Danish political scientist

Marlene Wind is a Danish political scientist. She is a professor of political science at the University of Copenhagen, where she has been also Director of the Center for European Policy. She specializes in the law, policies, and politics of the European Union.

==Academic career==
Wind studied at the Royal Academy of Music, Aarhus/Aalborg, and in 1990 she graduated with a Master's Degree from the University of Massachusetts. In 1993 she obtained a Master's Degree in political science from Aarhus University. She then attended the European University Institute near Florence, where she earned her PhD in 1998.

In 1996 Wind became a research assistant at the Danish Institute of Foreign Policy (da). In 1998, she visited Harvard Law School to study with Joseph H. H. Weiler.
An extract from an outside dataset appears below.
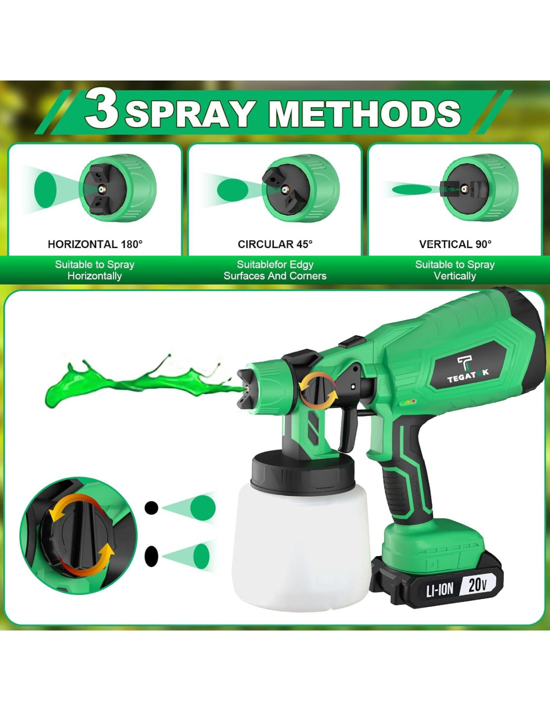 - [Funciones únicas de soplado y limpieza] Este pulverizador de pintura inalámbrico es perfecto para limpiar el polvo antes de pulverizar o limpiar después de pintar. Úsalo como una pistola de agua eléctrica o pulverizador de jardín para preparar cualquier superficie. Un imprescindible pulverizador de pintura tanto para principiantes como para profesionales.

In 1998 she became a professor in the Department of Political Science at the University of Copenhagen. That year she was also employed as a commentator at the Danish weekly newspaper Weekendavisen. In 2008, she became the Director of the Centre for European Politics at the University of Copenhagen. Wind has also held professorships at the iCourts Center at the University of Copenhagen and in the Faculty of Law at the University of Oslo. Wind specializes in the interplay between law and politics in the EU, particularly as it pertains to EU border politices.

In 2009, Wind won the European Women's Award for her work communicating about European politics. In 2012, Wind was the recipient of the inaugural Tøger Seidenfaden Prize, awarded to a European Union researcher who tirelessly disseminates knowledge about the European Union.